A Comparative Study of Clustering Algorithms

ishika chatterjee
Analytics Vidhya
Published in
7 min readOct 13, 2019

Clustering is basically defined as division of data into groups of similar objects. Each group called a cluster consists of objects that are similar between themselves and dissimilar compared of other groups. Lets compare among different type of clusters. The algorithms under discuss are: k-means algorithm, hierarchical clustering algorithm, self organizing maps algorithm, and expectation maximization clustering algorithm.

Comparison Metrics:

Now I would like to decide the factors on which I would discuss the comparison amongst the clustering algorithms:

  1. size of dataset
  2. number of clusters
  3. type of dataset and type of software used
  4. performance of the algorithm
  5. accuracy of the algorithm
  6. quality of the algorithm

How are algorithms implemented?

LNKnet Software: It is public domain software made available from MIT Lincoln Laboratory.

Cluster and tree view Software: cluster and tree view Software are programs that provide a computational and graphical environment for analyzing data found from different data sets.

The reasons behind choosing this software is that They are the most popular software for implementing several data clustering algorithms.

comparison

Now I will start discussing individually on the clustering algorithms in detail and also show codes about how to implement it.

1 — K-means:

working of k-means

K-means is a well known partitioning method. Objects are classified as one of the k groups , k chosen as priory. Cluster membership is determined by calculating the centroid of each group and assigning each object to the group with closest centroid. This approach minimizes the overall within cluster dispersion by iterative reallocation of cluster members.

In a general sense, a k-partioning algorithm takes as input a set S of objects and an integer k and outputs a partition of S into subsets S1, S2, S3…Sk. It uses the sum of squares as the optimization criterion Let xri be the rth element of Si, |Si| be the number of elements in Si and d(xri,xsi) be the distance between xri and xsi.

Algorithm:

Step 1: Choose K as the number of clusters.

Step 2: Initialize the codebook vectors of the K clusters (randomly, for instance)

Step 3: For every new sample vector: Compute the distance between the new vector and every cluster’s codebook vector.Recompute the closest codebook vector with the new vector, using a learning rate that decreases in time.
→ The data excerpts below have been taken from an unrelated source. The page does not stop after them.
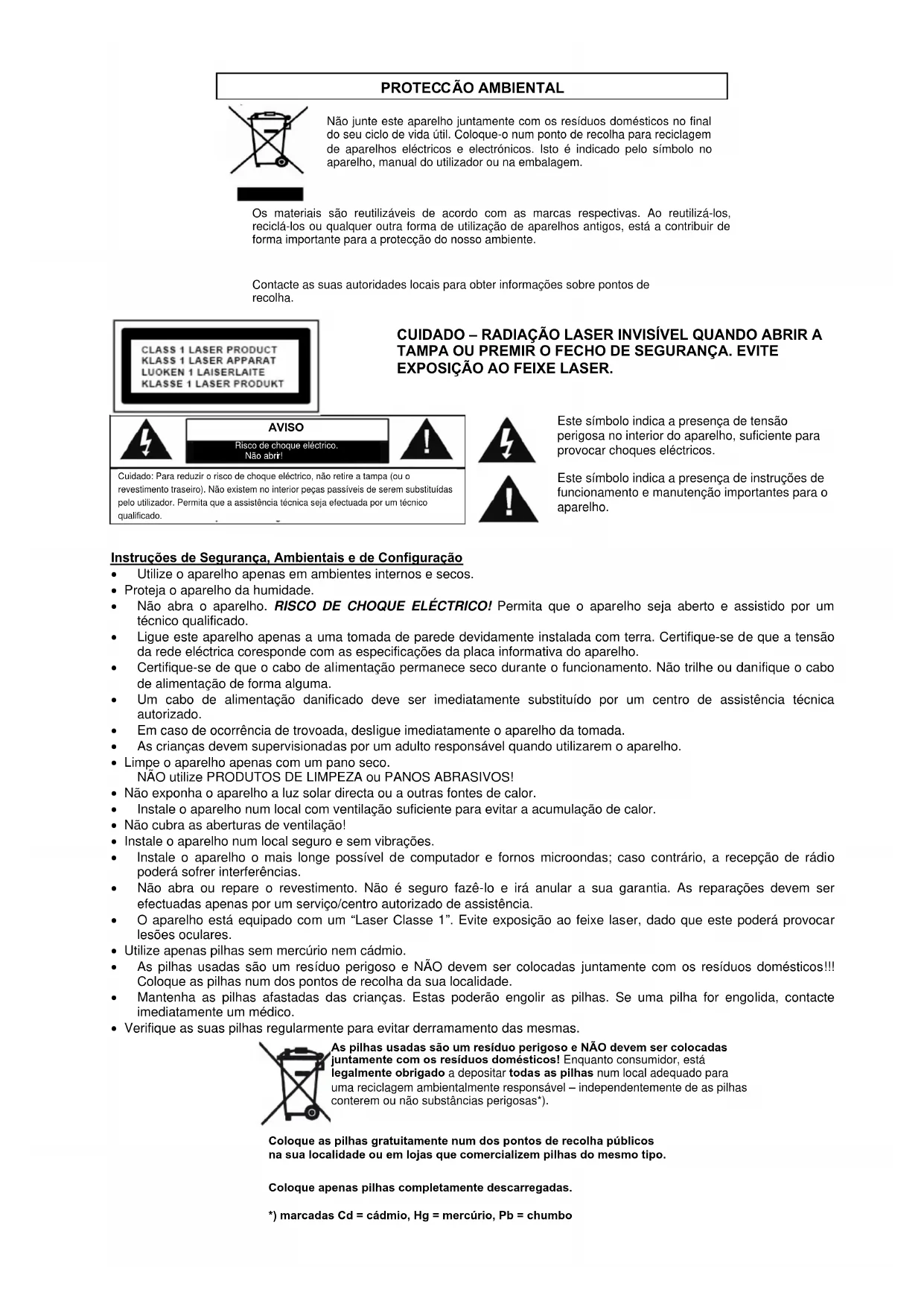 - O aparecido está equipado com um "Laser Classe 1". Evite exposicao ao feixe laser, quando oteme podere provocar lesoes oculares.
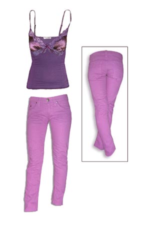 Cand ne plictisim de culorile terne, de negru sau de nuante cenusii, partea "indrazneata" din noi ne va da curajul de a incerca ceva inedit. Atunci, o tinuta pe tonuri de mov si lila devine ideala, aducand cu sine si nota de optimism necesara "incalzirii" intregii atmosfere. Maiou Ziggo - 100 RON Jeans Ziggo - 180 RON
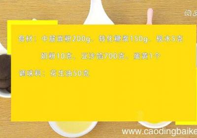 发布时间: 12小时前步骤1准备食材:中筋面粉200g、转化糖浆150g、枧水5克、奶粉10克、豆沙馅700克、蛋黄1个、花生油50克 。步骤2盆中倒入转化糖浆,加入50克花生油、枧水 。步骤3搅拌均匀后加入中筋面粉,奶粉 。步骤4拌成面团,冷藏2小时 。步骤5...
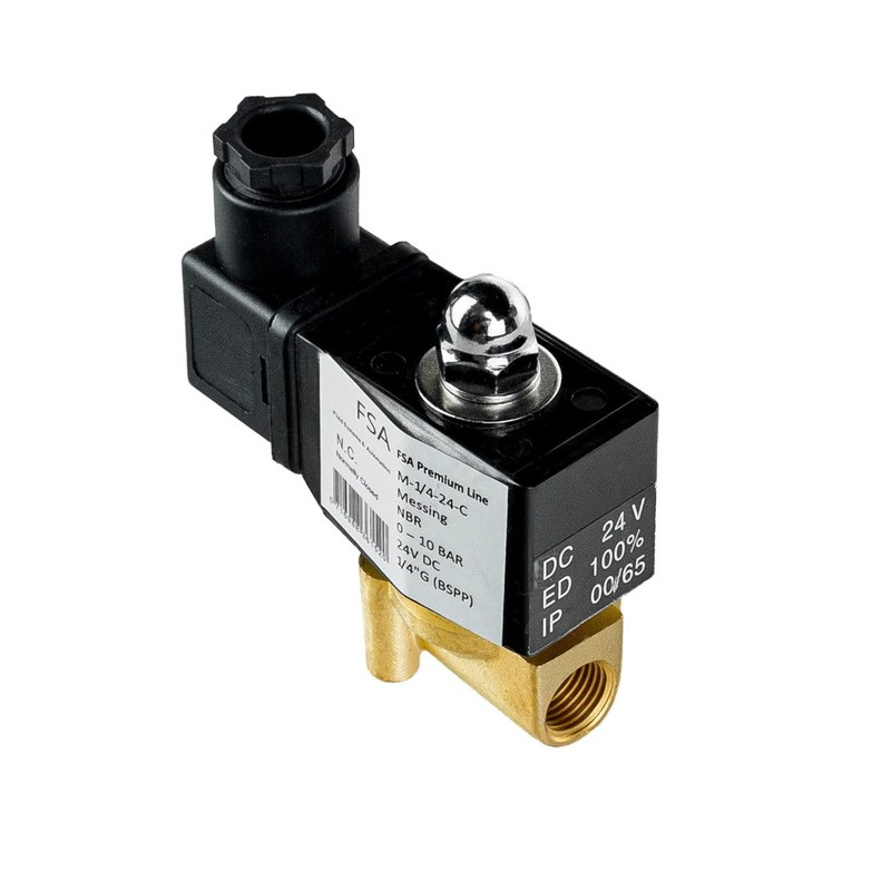 FSA Solenoid Valve Brass 1/4 Inch 24 V DC 0-10 Bar NBR Closed without Power
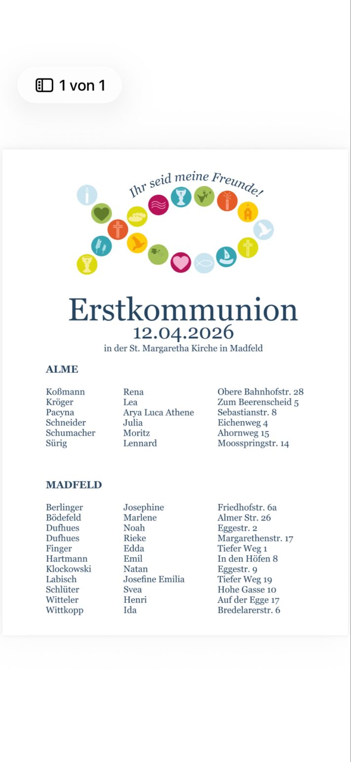 Liste für Alme und Madfeld – Hl. Messe in der St. Margaretha Kirche in Madfeld am 12.04.2026
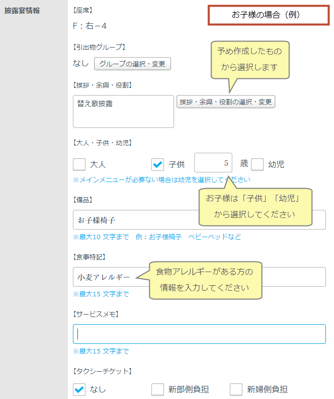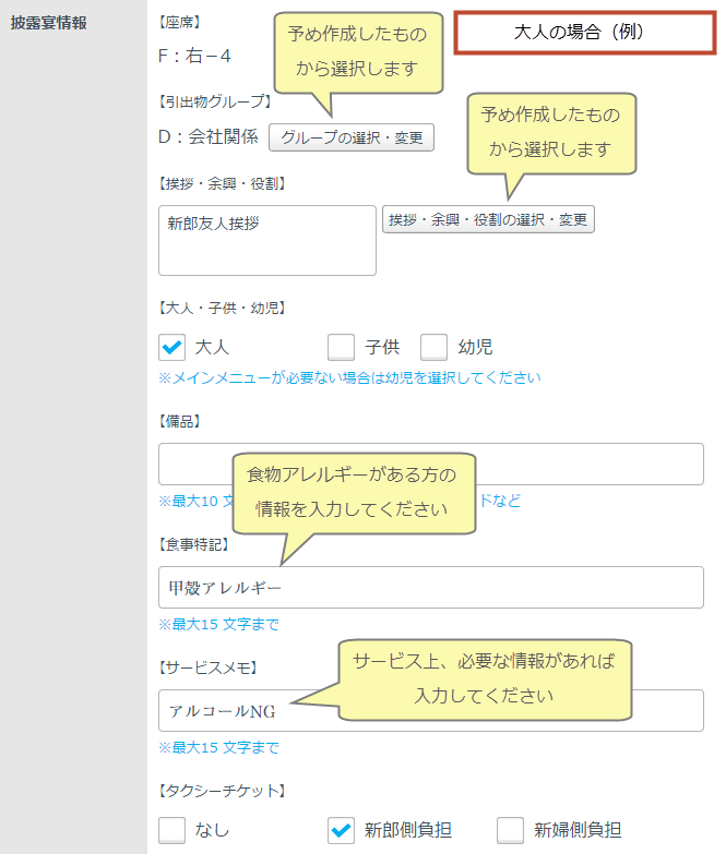 サービスメモ・・・披露宴でのサービス上で注意すべきことがあれば記載してください。記載例:アルコール不可
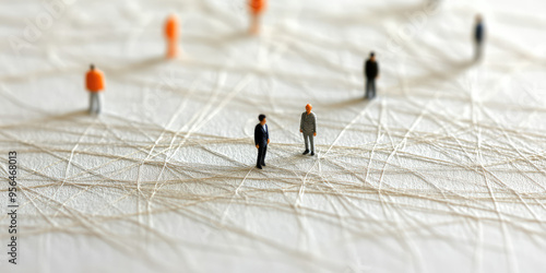 Wall mural : Group of simple miniature people shapes connected by thread lines on a simple background - wallpaper

Time Complexity and Space Complexity:

Its time complexity is O(nkl), where n is the number of patterns, k is the number of clusters, and l is the number of iterations taken by the algorithm to converge.Its space complexity is O(k+n). It requires additional space to store the data matrix.It is order-independent; for a given initial seed set of cluster centers, it generates the same partition of the data irrespective of the order in which the patterns are presented to the algorithm.

How to Implement K-means?

We have sklearn to implement k-means.

Code Sample of K-Means:

from pandas import DataFrame
import matplotlib.pyplot as plt
from sklearn.cluster import KMeans
#making a toy dataset
Data = {'x': [25,34,22,27,33,33,31,22,35,34,67,54,57,43,50,57,59,52,65,47,49,48,35,33,44,45,38,43,51,46],
'y': [79,51,53,78,59,74,73,57,69,75,51,32,40,47,53,36,35,58,59,50,25,20,14,12,20,5,29,27,8,7]
}
#converting into dataframe
df = DataFrame(Data,columns=['x','y'])

kmeans = KMeans(n_clusters=3).fit(df)#applying kmeans on the dataset #with number of clusters=3
centroids = kmeans.cluster_centers_
print(centroids)

plt.scatter(df['x'], df['y'], c= kmeans.labels_.astype(float), s=50, alpha=0.5)
plt.scatter(centroids[:, 0], centroids[:, 1], c='red', s=50)

Here in the above code snippet i am using kmeans algorithm to explain how to use kmeans in code .The application of kmeans is pretty simple. sklearn has full supply. Here what i have done is i have made a toy dataset and applied kmeans on it.

Output:

2 — Hierarchical Clustering Algorithm:

working of hierarchical clustering

Partitioning algorithms are based on specifying an initial number of groups, and iteratively reallocating objects among groups to convergence. In contrast, hierarchical algorithms combine or divide existing groups creating a hierarchical structure that reflects the order in which groups are merged or divided. In an agglomerative method, which builds the hierarchy by merging, the objects initially belong to a list of singleton sets S1,…, S2, Sn. Then a cost function is used to find the pair of sets {Si, Sj} from the list that is the “cheapest” to merge. Once merged, Si and Sj are removed from the list of sets and replaced with Si U Sj. This process iterates until all objects are in a single group. Different variants of agglomerative hierarchical clustering algorithms may use different cost functions.Complete linkage, average linkage, and single linkage methods use maximum, average, and minimum distances between the members of two clusters, respectively.

Algorithm:

Step 1 — Compute the proximity matrix containing the distance between each pair of patterns. Treat each pattern as a cluster.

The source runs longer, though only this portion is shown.